Doing what Sam loved - creating about 50 pieces of furniture a year for 50 years - has made him one of the most respected craftsmen in the country. His chairs have the curving grace of a parabola, the embracing comfort of loving arms and the tactile sensuality of supple skin. They look and feel like living creatures, not pieces of wood connected by dowel and glue and joint, but single, seamless waves of wood. Sam once watched as the blind bluesman Ray Charles caressed a piece of his furniture and announced that it had "soul." Sam likes that story because soul is a place beyond words, where hand, head and humanity blur. "You can't have soul without sincerity," he says.
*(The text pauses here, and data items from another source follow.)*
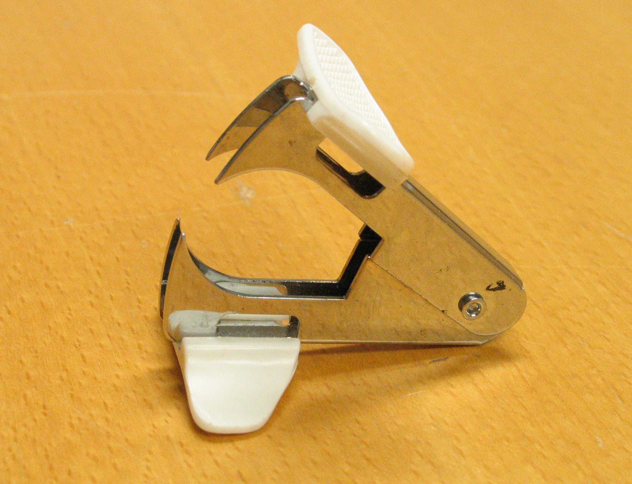 Staple remover.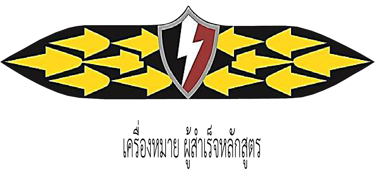 Honorable badge which is inches long oval shape made by metal. Inside the badge, there are symbols of an arrow head in the middle. The arrow head has a silver edge and a lighting in the middle with black and crimson background. On the lest and right sides of the arrow head, there are brunches of six shower flowers.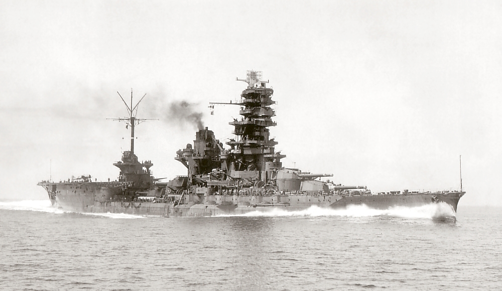 Battleship-carrier Ise after conversion running full power trial on Aug 24, 1943.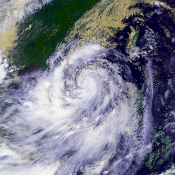 Typhoon Wayne on September 4 at approximately 0646 UTC. This image was produced from data from NOAA-9, provided by NOAA.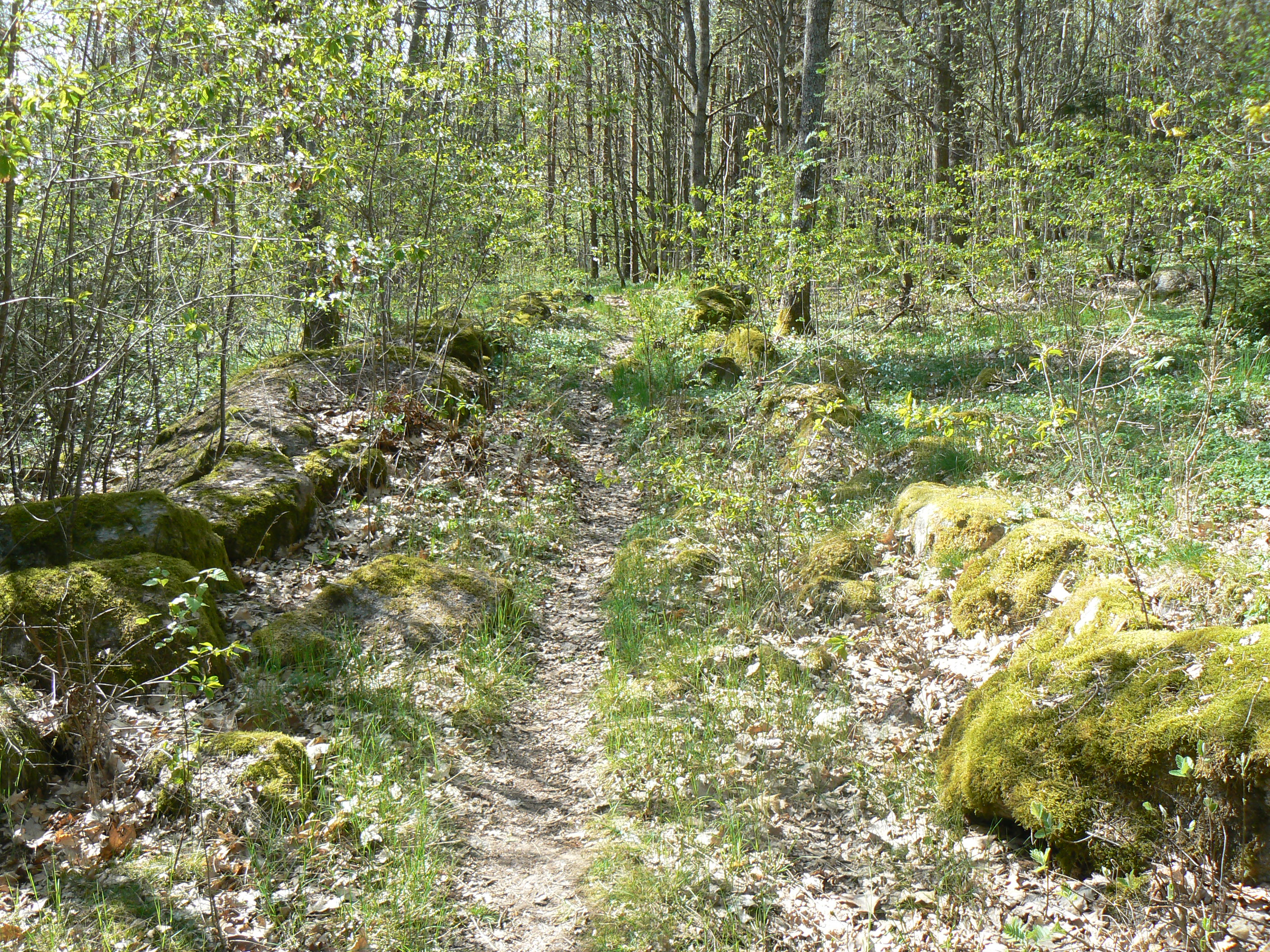 Iron age "fägata" (RAÄ No Linköping 226:1), leavings of walls between which cattle was lead to pastureland. Picture from Vallaskogen ("Valla forrest") in Linköping, Linköping municipality, Östergötland, Sweden.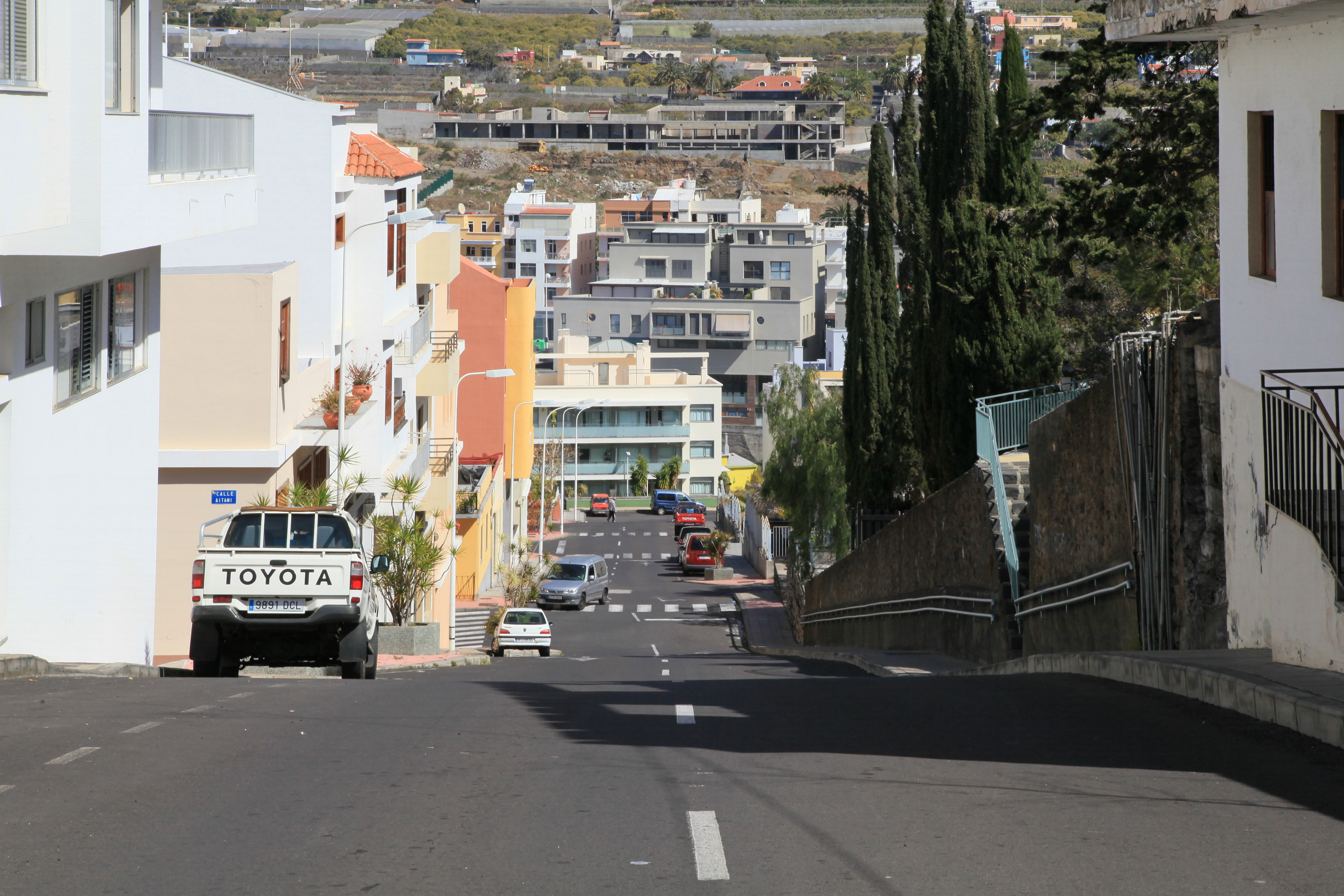 Calle Princesa Dácil in Los Llanos de Aridane, La Palma, Canary Island, Spain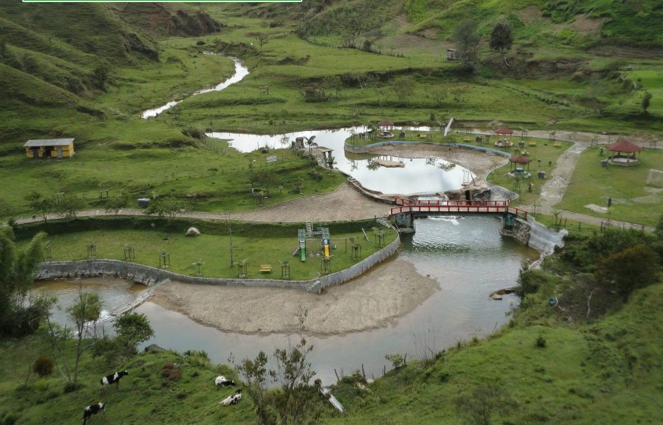 balneario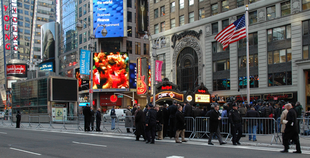 NEW YORK (March 6, 2008) An improvised explosive device blasted the entrance to the U.S. Armed Forces Career Center, a joint-service recruiting station located in Times Square at approximately 3:45 a.m. The blast caused no injuries; however, glass in the office's front door and window was shattered by the explosion, and the door's metal frame was bent. One of the busiest recruiting stations in the nation, the recruiting office is singularly located on a triangular island in the center of the iconic Manhattan intersection and has been the site of periodic anti-war protests.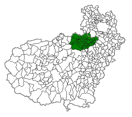 Map of Roero

How many of the things in your house have soul or were made with sincerity? Posted by Orrin Judd at March 24, 2003 10:25 PM
Comments

Sam Maloof, an Arab-American icon.

Posted by: H.D. Miller at March 25, 2003 11:12 AM

Soul, sincerity. It is impossibe of applying concrete definitions to those words, so I will try conceptual: anything I have that is durable, well designed and a pleasure to use qualifies. So here's a list:



My seven (!) year old Apple Computer, 11 yr old BMW and 23 year old Porsche. Each of those things represent design and engineering excellence.



I could go on, but we risk missing what is before us everyday: much of what we have represents collaborative genius, producing things so perfectly attuned to their purpose we have stopped noticing.